I nearly dumped him today. I told him I was willing to do so even though I have been loyal to him for many years. I just couldn't take any more of the broken promises, the delayed actions. A girl has needs- ya know what I mean? Every year there's one glitch or another and I find myself sparking, angry, and wanting to call the whole deal off. I became so flustered, I fell into using sarcasm and saying, "Nice!" when I didn't even mean it. I don't easily come that unhinged, so when I find myself in knots, I just have to count if it's all worth it or not.
What am I talking about?
I had a huge conflict when ordering some of my daugher's home school materials from a company which-shall-not-be-named.
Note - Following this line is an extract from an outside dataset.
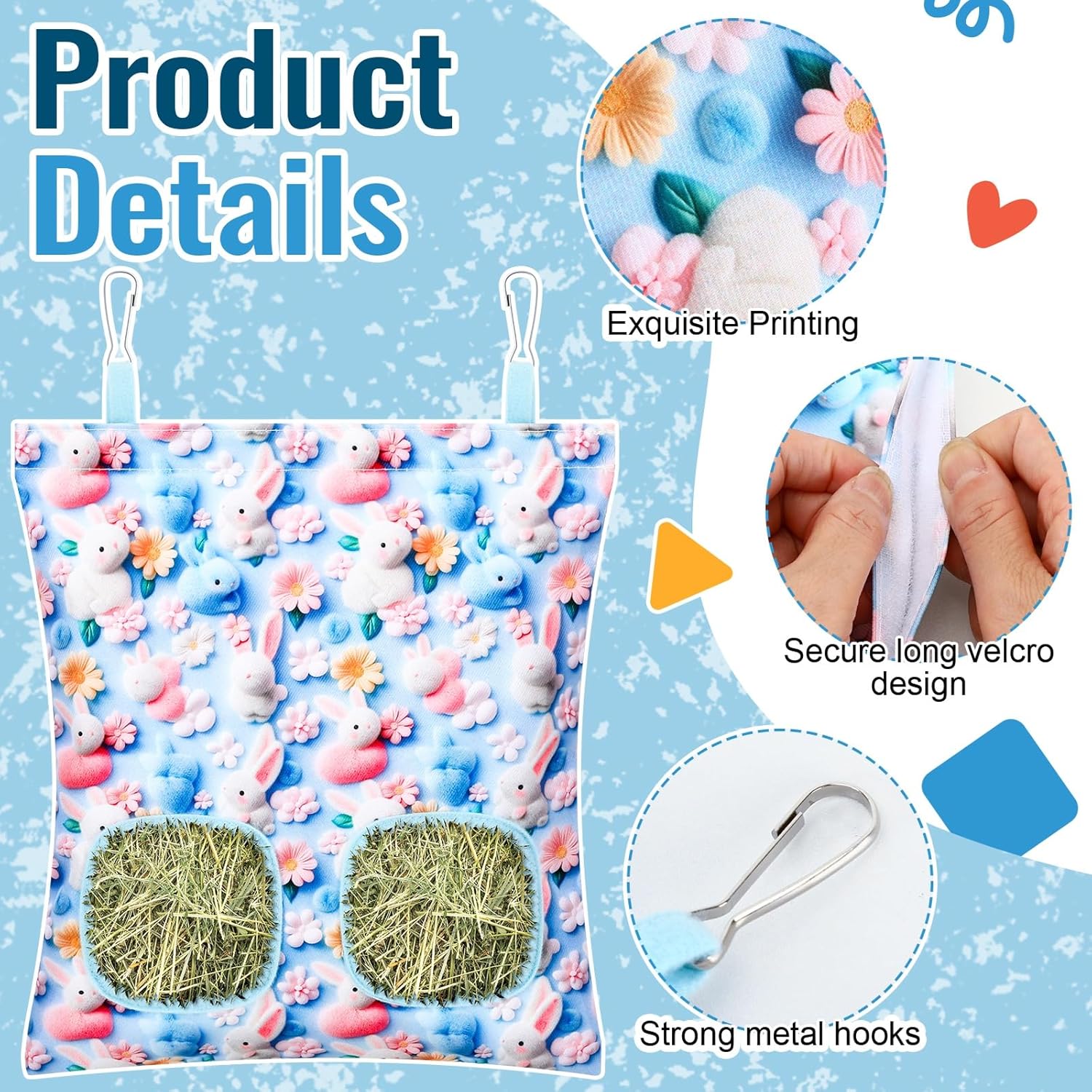 - Easy to Use: The guinea pig hay bag is easy to open and take. You only need to open the magic tape of guinea pig hay feeder, and then you can add hay. In addition, the bunny hay feeder is light, foldable and easy to carry and store, which is convenient for you to provide hay for your pet anytime and anywhere, making feeding easier
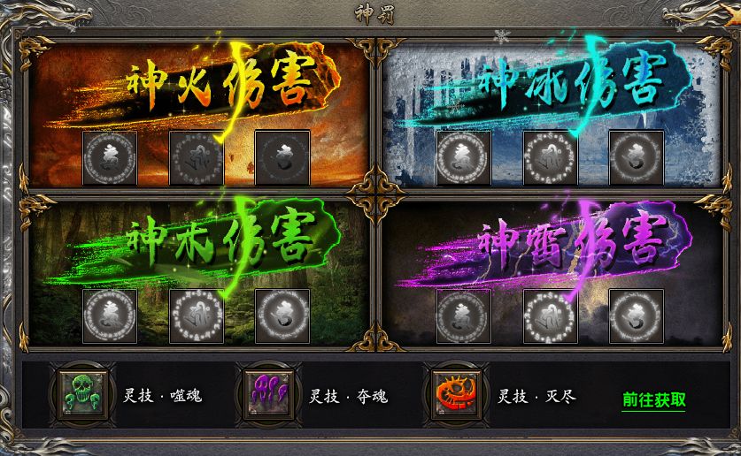 有了英靈助陣,還有更高階的“神罰”為玩家掃平障礙。神罰系統(tǒng)包括屬性加成和對應(yīng)屬性的神屬性傷害和神罰必殺技,通過神罰裝備來解鎖強大的效果。比如神火能概率為玩家的目標附加灼燒buff和最終傷害;神冰能概率給玩家的目標附加冰凍buff,玩家復(fù)活甚至有概率重置復(fù)活CD,讓戰(zhàn)斗難度大大降低;還有神木、神雷等神罰,個個都藏有驚喜,是玩家們不可不追求的豪華配置。這些神罰裝備需要靠神罰試煉來獲取,擊敗了5個試煉boss就有概率掉落神罰裝備和仙令玄晶,仙令玄晶可以直接提升神罰裝備階級。如果有多余的神罰裝備還能分解成神罰玉石,用來進行神罰裝備的進階。

The anxiety those people put me through makes me feel like a drug addict in need of a scholastic fix. "Give me the books, man. I just need the teacher's manual. I get shaky when it's been too long." I ended up feeling like making a deal with the devil. I told Chris, the sales supervisor at the-company-which-shall-not-be-named that I wouldn't cancel my contract IF in the future, I was allowed to order my ALL materials well in advance of the course. I've been told numerous times this was against store policy. However, I was thinking six weeks, but Chris wrote a note on my account authorizing me six months advanced materials ordering power. Now I can score some third grade phonics action before I'm white knuckling it.
Just send me the curriculum, and no one gets hurt!